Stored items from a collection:

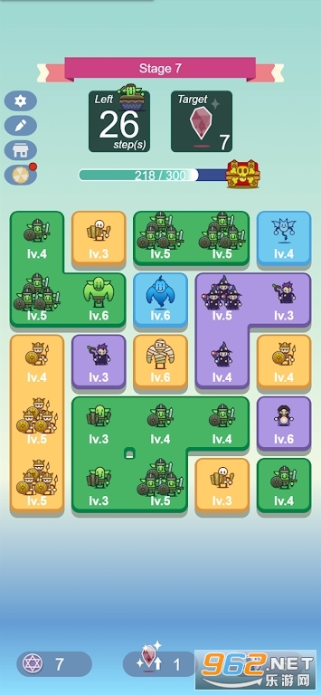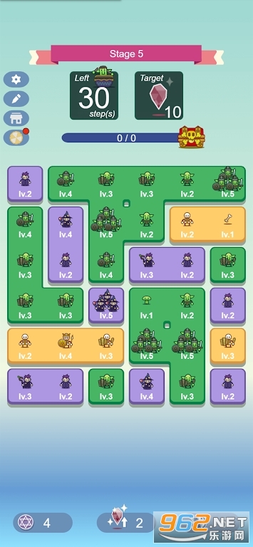 游戏规则十分简单,玩家需要合并相连的方块来升级怪物,当怪物达到10级就会变为钻石,在规定步数内收集指定数量的钻石即可过关。
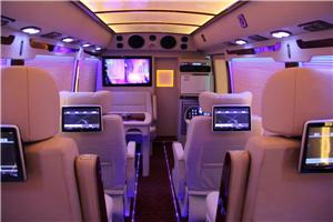 丰田考斯特10座改装在外观的设计主要体现在细节的装饰上,为车身添加彩色中线,增加车身的层次以及灵动感,不会让中巴车型的考斯特10座显得过于笨拙。在车轮的装饰上,丰田考斯特10座改装商务车增加轮毂罩,既能够保障行车安全又在一定程度上增加了车身的美观。车头前的镀铬设置以及在车门处增加的自动阶梯,着一些的设计都在细微之处体现了丰田考斯特10座改装商务车的独特之处。
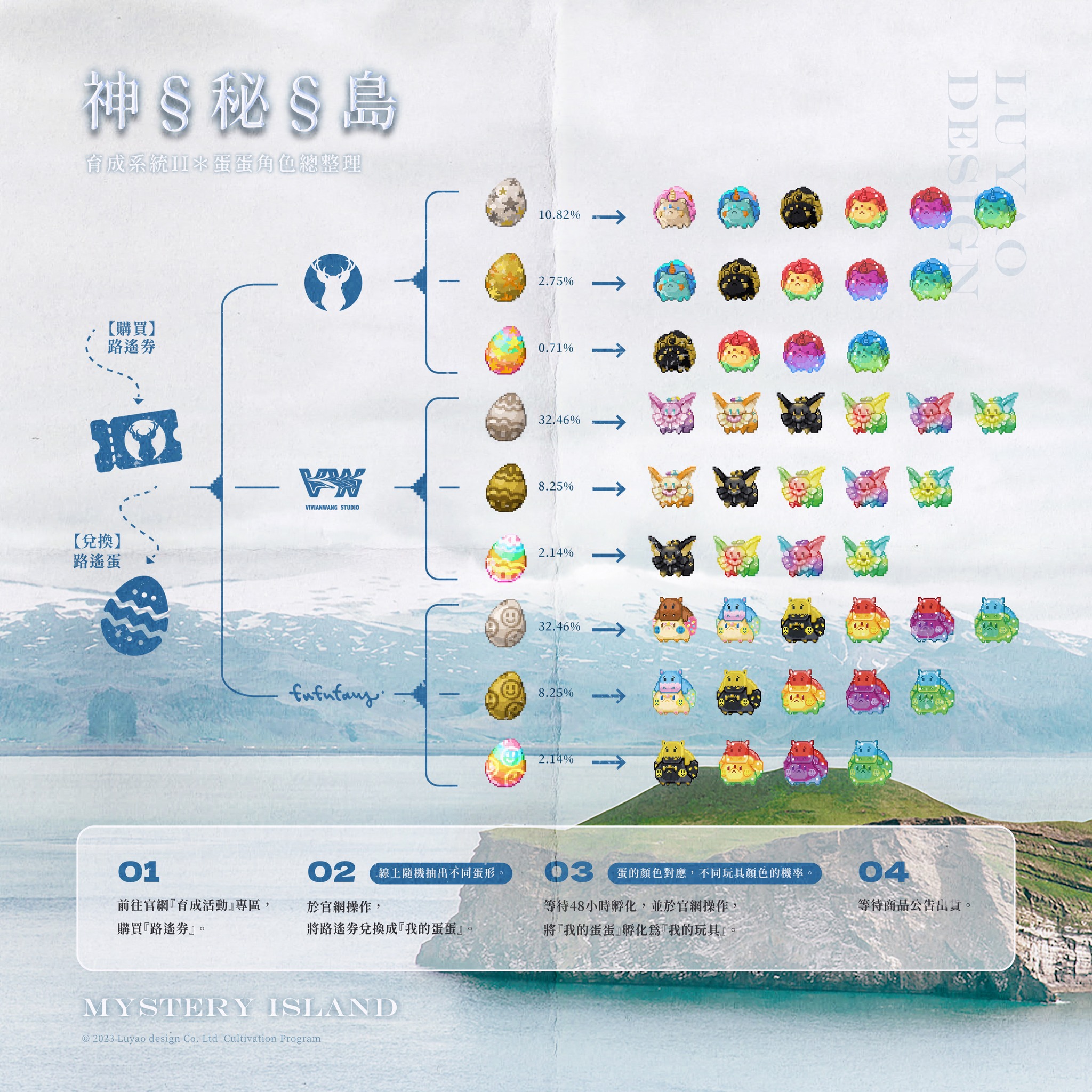 Cultivation Program on Mystery Island has officially begun! Taiwans 路遙圓創 Luyao Design has called upon local artists to take on the labs to present to you special Unicorn, Hibbo and Bunny! artist VIVIAN WANG Studio and fufufanny both go deep into the Cultivation Program where Luyao has made a series of random and rare species that can be found on Mystery Island
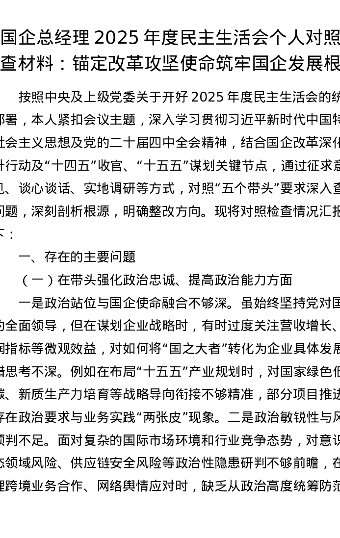 国企总经理2025年度xxxxx个人对照检查材料:锚定改革攻坚使命 筑牢国企发展根基
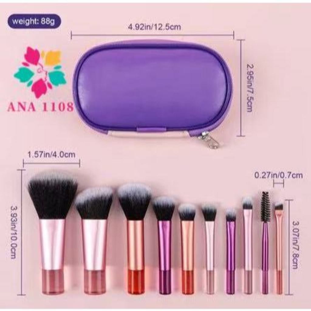 Kit 10 mini pincéis para Maquiagem com estojo bolsa para viagem-312-097
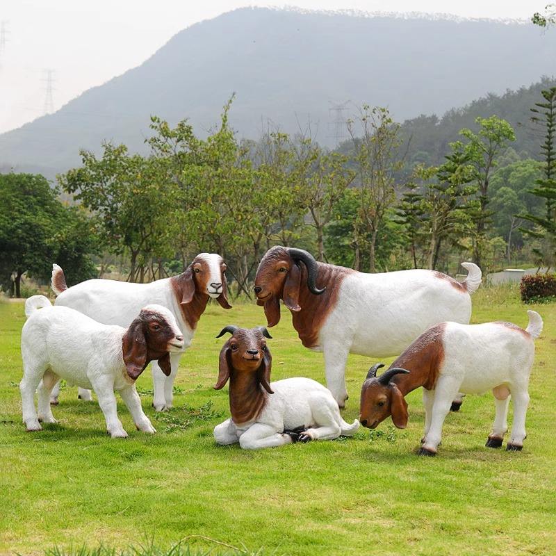 เครื่องประดับกลุ่มครอบครัวแพะโบเออร์ไฟเบอร์กลาสเรซินขนาดเท่าของครอบครัวรูปปั้นแพะทำจากไฟเบอร์กลาสสำหรับสวน
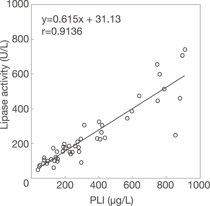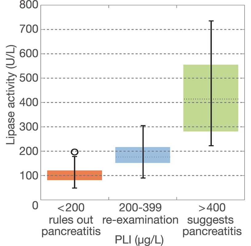 Lipase activity distribution classified by PLI diagnostic categories
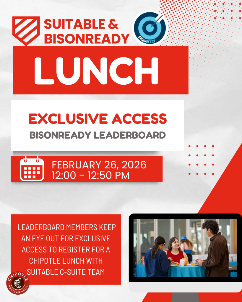 As an added bonus, students who are currently on the Suitable leaderboard will have an exclusive opportunity to attend a Chipotle lunch with the Suitable team. Learn everything from how to start up an organization (as three twenty-somethings) to how to maximize your engagement and professional development through the Suitable platform.
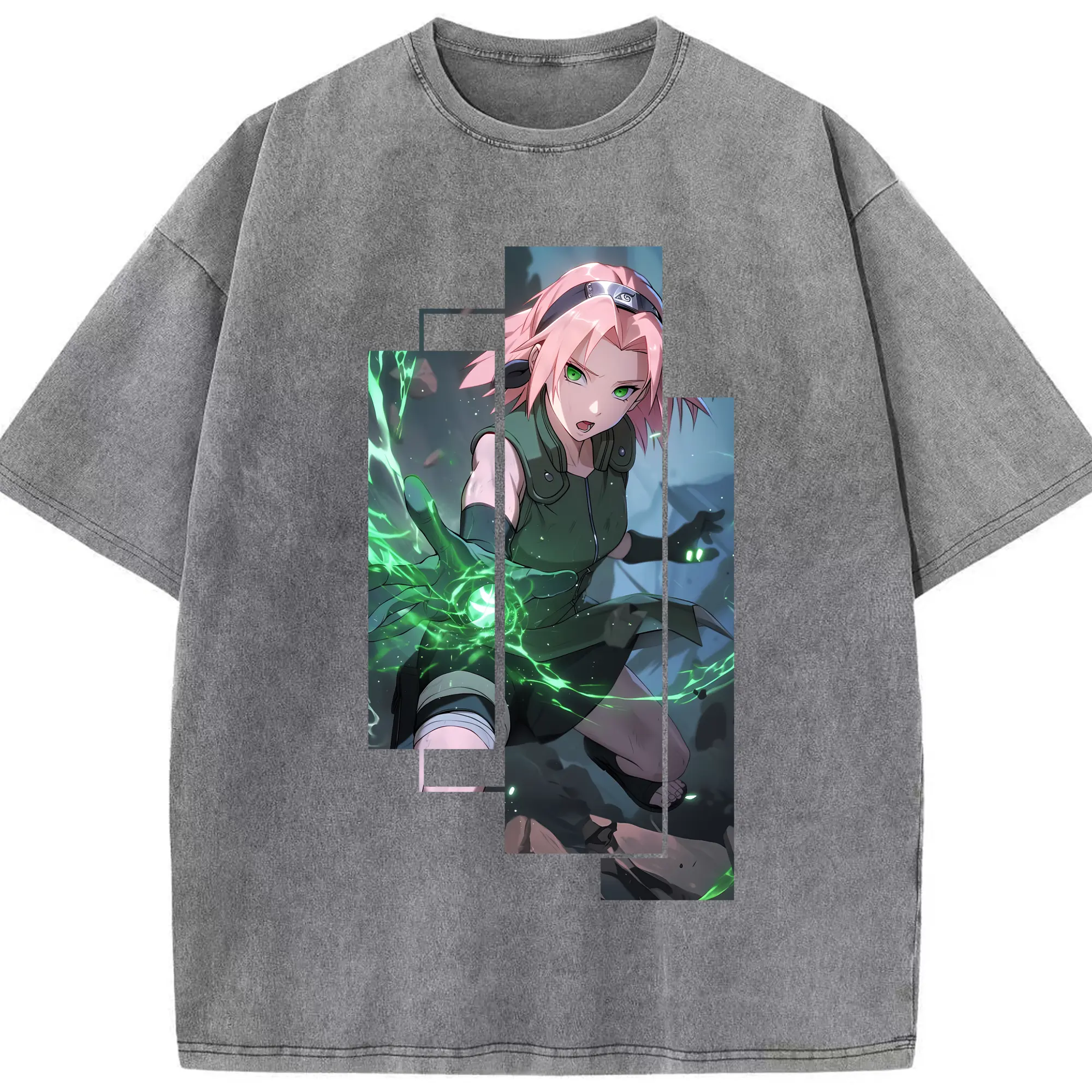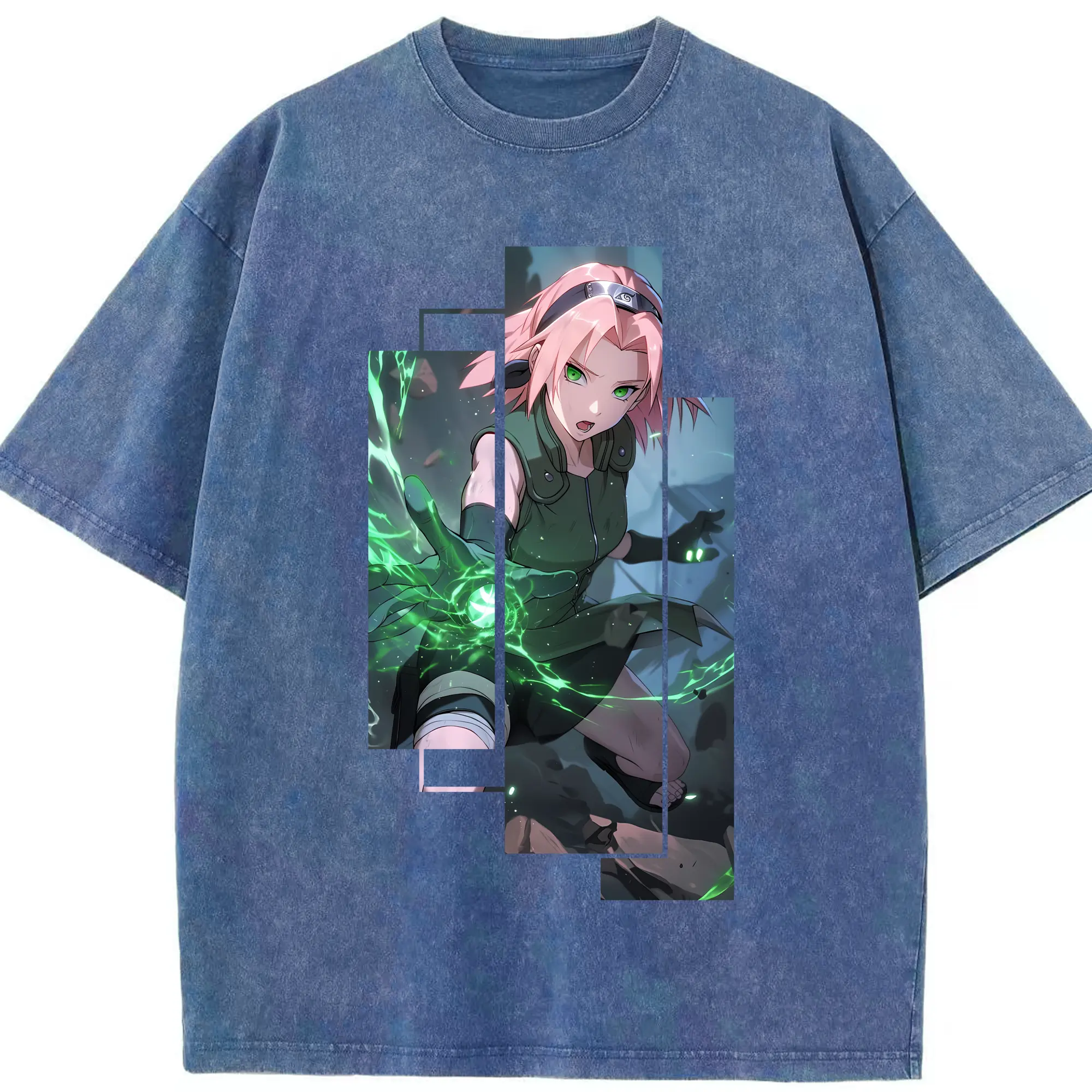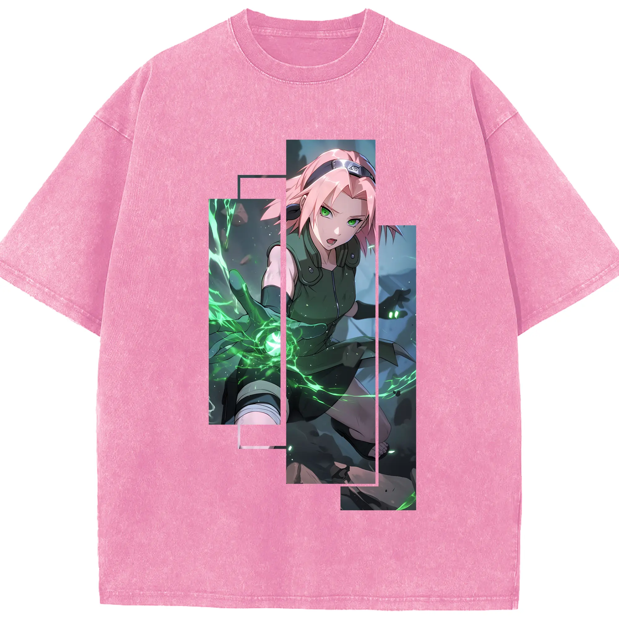 ナルト グッズ はるの さくら - 綿100% ヴィンテージ風 半袖Tシャツ ・ 背面プリント ・ 柔らか肌触り ・ 通気性 快適 ・ スポーツ カジュアル 外出用

§ Work task:
With all pictures removed, reproduce the lines from the top of the entries above through the line containing "Lipase activity distribution", exactly as written.

§ Answer for the task:
 游戏规则十分简单,玩家需要合并相连的方块来升级怪物,当怪物达到10级就会变为钻石,在规定步数内收集指定数量的钻石即可过关。
 丰田考斯特10座改装在外观的设计主要体现在细节的装饰上,为车身添加彩色中线,增加车身的层次以及灵动感,不会让中巴车型的考斯特10座显得过于笨拙。在车轮的装饰上,丰田考斯特10座改装商务车增加轮毂罩,既能够保障行车安全又在一定程度上增加了车身的美观。车头前的镀铬设置以及在车门处增加的自动阶梯,着一些的设计都在细微之处体现了丰田考斯特10座改装商务车的独特之处。
 Cultivation Program on Mystery Island has officially begun! Taiwans 路遙圓創 Luyao Design has called upon local artists to take on the labs to present to you special Unicorn, Hibbo and Bunny! artist VIVIAN WANG Studio and fufufanny both go deep into the Cultivation Program where Luyao has made a series of random and rare species that can be found on Mystery Island
 国企总经理2025年度xxxxx个人对照检查材料:锚定改革攻坚使命 筑牢国企发展根基
 Kit 10 mini pincéis para Maquiagem com estojo bolsa para viagem-312-097
 เครื่องประดับกลุ่มครอบครัวแพะโบเออร์ไฟเบอร์กลาสเรซินขนาดเท่าของครอบครัวรูปปั้นแพะทำจากไฟเบอร์กลาสสำหรับสวน
 Lipase activity distribution classified by PLI diagnostic categories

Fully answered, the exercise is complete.